What To Do When OCR Software Doesn’t Seem To Be Working

Optical character recognition can enhance your research!

While optical character recognition (OCR) is a powerful tool, it’s not a perfect one. Inputting a document into an OCR software doesn’t necessarily mean that the software will actually output something useful 100% of the time. Though most documents come out without a hitch, we have a few tips on what to do if your document just isn’t coming out.

Scanning Issues

The problem may be less with your program and more with your initial scan. Low-quality scans are less likely to be read by OCR software. Here are a few considerations to keep in mind when scanning a document you will be using OCR on:

  • Make sure your document is scanned at 300 DPI
  • Keep your brightness level at 50%
  • Try to keep your scan as straight as possible

If you’re working with a document that you cannot create another scan for, there’s still hope! OCR engines with a GUI tend to have photo editing tools in them. If your OCR software doesn’t have those tools, or if their provided tools aren’t cutting it, try using a photo manipulation tool such as Photoshop or GIMP to edit your document. Also, remember OCR software tends to be less effective when used on photographs than on scans.

Textual Issues

The issues you’re having may not stem from the scanning, but from the text itself. These issues can be more difficult to solve, because you cannot change the content of the original document, but they’re still good tips to know, especially when diagnosing issues with OCR.
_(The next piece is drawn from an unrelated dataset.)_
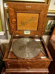 Regina boxes were seen as strong profit drivers partially because they created a steady revenue stream, as consumers would buy new discs to play on boxes they had already purchased.[2] For a machine that cost $500, this was a relatively novel idea.[3] Regina shipped 100,000 music boxes between 1892 and 1921, with sales topping out over $2 million a year. The company had 325 employees, and even as Symphonion established an American branch, Regina thrived as the market leader. Competition from the phonograph jeopardized the company in the early years of the 20th century, and in 1902, it dropped "Music Box" from its name and started to diversify. Its first vacuum cleaner was a two-person hand-pumped pneumatic model which sold poorly. In 1903, Knauth and company overtook the company to protect its investment, relegating Brachhausen to factory manager. New products continued to flood the market from the Regina company, everything from player pianos to copying presses. Eventually, the company went bankrupt in 1922.
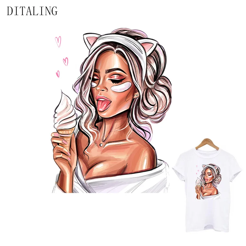 Сексуальные черные женские термотрансферные наклейки сделай сам, A-...

  • Make sure that your document is in a language, and from a period that your OCR software recognizes; not all engines are trained to recognize all languages
  • Low contrast in documents can reduce OCR accuracy; contrast can be adjusted in a photo manipulation tool
  • Text created prior to 1850 or with a typewriter can be more difficult for OCR software to read
  • OCR software cannot read handwriting; while we’d all like to digitize our handwritten notes, OCR software just isn’t there yet

Working with Digital Files

Digital files can, in many ways, be more complicated to use OCR software on, just because someone else may have made the file. This means that a file is lower-quality to begin with, or that whoever scanned the file may have made errors. Most likely, you will run into scenarios that are easy fixes using photo manipulation tools. But there will be times that the images you come across just won’t work. It’s frustrating, but you’re not alone. Check out your options!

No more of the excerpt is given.